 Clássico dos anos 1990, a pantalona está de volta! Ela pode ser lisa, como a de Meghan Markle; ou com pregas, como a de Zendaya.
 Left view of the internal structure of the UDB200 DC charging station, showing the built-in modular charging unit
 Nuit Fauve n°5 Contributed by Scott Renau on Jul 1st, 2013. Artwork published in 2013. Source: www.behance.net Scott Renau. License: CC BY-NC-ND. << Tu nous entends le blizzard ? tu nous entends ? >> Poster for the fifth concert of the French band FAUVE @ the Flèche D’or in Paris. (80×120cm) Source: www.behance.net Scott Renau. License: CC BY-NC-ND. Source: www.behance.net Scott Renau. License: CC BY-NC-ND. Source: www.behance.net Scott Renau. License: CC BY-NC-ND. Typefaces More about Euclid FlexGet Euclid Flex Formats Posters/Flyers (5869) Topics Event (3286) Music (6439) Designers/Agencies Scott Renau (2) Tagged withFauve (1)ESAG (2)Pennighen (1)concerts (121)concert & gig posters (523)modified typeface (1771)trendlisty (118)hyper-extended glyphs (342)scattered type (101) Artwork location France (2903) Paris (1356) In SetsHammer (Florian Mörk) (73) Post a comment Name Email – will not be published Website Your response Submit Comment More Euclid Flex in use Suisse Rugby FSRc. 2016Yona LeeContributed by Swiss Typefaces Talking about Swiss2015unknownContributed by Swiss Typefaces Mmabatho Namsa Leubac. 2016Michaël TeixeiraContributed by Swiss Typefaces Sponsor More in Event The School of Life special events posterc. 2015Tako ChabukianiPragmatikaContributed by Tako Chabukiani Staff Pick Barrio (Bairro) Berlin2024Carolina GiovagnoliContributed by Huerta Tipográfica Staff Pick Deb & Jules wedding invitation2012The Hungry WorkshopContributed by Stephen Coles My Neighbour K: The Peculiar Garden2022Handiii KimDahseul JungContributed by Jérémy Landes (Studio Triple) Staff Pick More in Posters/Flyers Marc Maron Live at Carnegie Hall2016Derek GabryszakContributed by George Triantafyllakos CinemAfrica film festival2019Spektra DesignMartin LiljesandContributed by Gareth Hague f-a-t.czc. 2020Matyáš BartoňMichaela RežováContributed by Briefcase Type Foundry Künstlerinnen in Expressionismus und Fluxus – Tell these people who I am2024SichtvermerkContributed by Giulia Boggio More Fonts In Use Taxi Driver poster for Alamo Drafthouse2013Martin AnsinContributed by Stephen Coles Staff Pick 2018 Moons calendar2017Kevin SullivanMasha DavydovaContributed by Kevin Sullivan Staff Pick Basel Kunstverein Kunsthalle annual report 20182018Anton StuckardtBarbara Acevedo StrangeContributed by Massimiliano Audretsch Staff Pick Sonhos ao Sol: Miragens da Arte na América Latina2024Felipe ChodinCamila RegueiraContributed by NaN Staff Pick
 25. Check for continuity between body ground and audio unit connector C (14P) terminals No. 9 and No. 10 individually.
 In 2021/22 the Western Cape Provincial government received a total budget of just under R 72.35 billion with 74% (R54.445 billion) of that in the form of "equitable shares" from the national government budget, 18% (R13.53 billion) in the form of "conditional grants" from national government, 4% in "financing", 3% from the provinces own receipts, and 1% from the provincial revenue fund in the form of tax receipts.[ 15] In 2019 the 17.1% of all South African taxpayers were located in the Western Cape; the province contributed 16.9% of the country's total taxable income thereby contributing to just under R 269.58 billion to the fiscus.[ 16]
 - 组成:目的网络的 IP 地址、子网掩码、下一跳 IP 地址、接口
######
* Problem description *
Retype all the material exactly as shown.

* Your solution *
 Clássico dos anos 1990, a pantalona está de volta! Ela pode ser lisa, como a de Meghan Markle; ou com pregas, como a de Zendaya.
 Left view of the internal structure of the UDB200 DC charging station, showing the built-in modular charging unit
 Nuit Fauve n°5 Contributed by Scott Renau on Jul 1st, 2013. Artwork published in 2013. Source: www.behance.net Scott Renau. License: CC BY-NC-ND. << Tu nous entends le blizzard ? tu nous entends ? >> Poster for the fifth concert of the French band FAUVE @ the Flèche D’or in Paris. (80×120cm) Source: www.behance.net Scott Renau. License: CC BY-NC-ND. Source: www.behance.net Scott Renau. License: CC BY-NC-ND. Source: www.behance.net Scott Renau. License: CC BY-NC-ND. Typefaces More about Euclid FlexGet Euclid Flex Formats Posters/Flyers (5869) Topics Event (3286) Music (6439) Designers/Agencies Scott Renau (2) Tagged withFauve (1)ESAG (2)Pennighen (1)concerts (121)concert & gig posters (523)modified typeface (1771)trendlisty (118)hyper-extended glyphs (342)scattered type (101) Artwork location France (2903) Paris (1356) In SetsHammer (Florian Mörk) (73) Post a comment Name Email – will not be published Website Your response Submit Comment More Euclid Flex in use Suisse Rugby FSRc. 2016Yona LeeContributed by Swiss Typefaces Talking about Swiss2015unknownContributed by Swiss Typefaces Mmabatho Namsa Leubac. 2016Michaël TeixeiraContributed by Swiss Typefaces Sponsor More in Event The School of Life special events posterc. 2015Tako ChabukianiPragmatikaContributed by Tako Chabukiani Staff Pick Barrio (Bairro) Berlin2024Carolina GiovagnoliContributed by Huerta Tipográfica Staff Pick Deb & Jules wedding invitation2012The Hungry WorkshopContributed by Stephen Coles My Neighbour K: The Peculiar Garden2022Handiii KimDahseul JungContributed by Jérémy Landes (Studio Triple) Staff Pick More in Posters/Flyers Marc Maron Live at Carnegie Hall2016Derek GabryszakContributed by George Triantafyllakos CinemAfrica film festival2019Spektra DesignMartin LiljesandContributed by Gareth Hague f-a-t.czc. 2020Matyáš BartoňMichaela RežováContributed by Briefcase Type Foundry Künstlerinnen in Expressionismus und Fluxus – Tell these people who I am2024SichtvermerkContributed by Giulia Boggio More Fonts In Use Taxi Driver poster for Alamo Drafthouse2013Martin AnsinContributed by Stephen Coles Staff Pick 2018 Moons calendar2017Kevin SullivanMasha DavydovaContributed by Kevin Sullivan Staff Pick Basel Kunstverein Kunsthalle annual report 20182018Anton StuckardtBarbara Acevedo StrangeContributed by Massimiliano Audretsch Staff Pick Sonhos ao Sol: Miragens da Arte na América Latina2024Felipe ChodinCamila RegueiraContributed by NaN Staff Pick
 25. Check for continuity between body ground and audio unit connector C (14P) terminals No. 9 and No. 10 individually.
 In 2021/22 the Western Cape Provincial government received a total budget of just under R 72.35 billion with 74% (R54.445 billion) of that in the form of "equitable shares" from the national government budget, 18% (R13.53 billion) in the form of "conditional grants" from national government, 4% in "financing", 3% from the provinces own receipts, and 1% from the provincial revenue fund in the form of tax receipts.[ 15] In 2019 the 17.1% of all South African taxpayers were located in the Western Cape; the province contributed 16.9% of the country's total taxable income thereby contributing to just under R 269.58 billion to the fiscus.[ 16]
 - 组成:目的网络的 IP 地址、子网掩码、下一跳 IP 地址、接口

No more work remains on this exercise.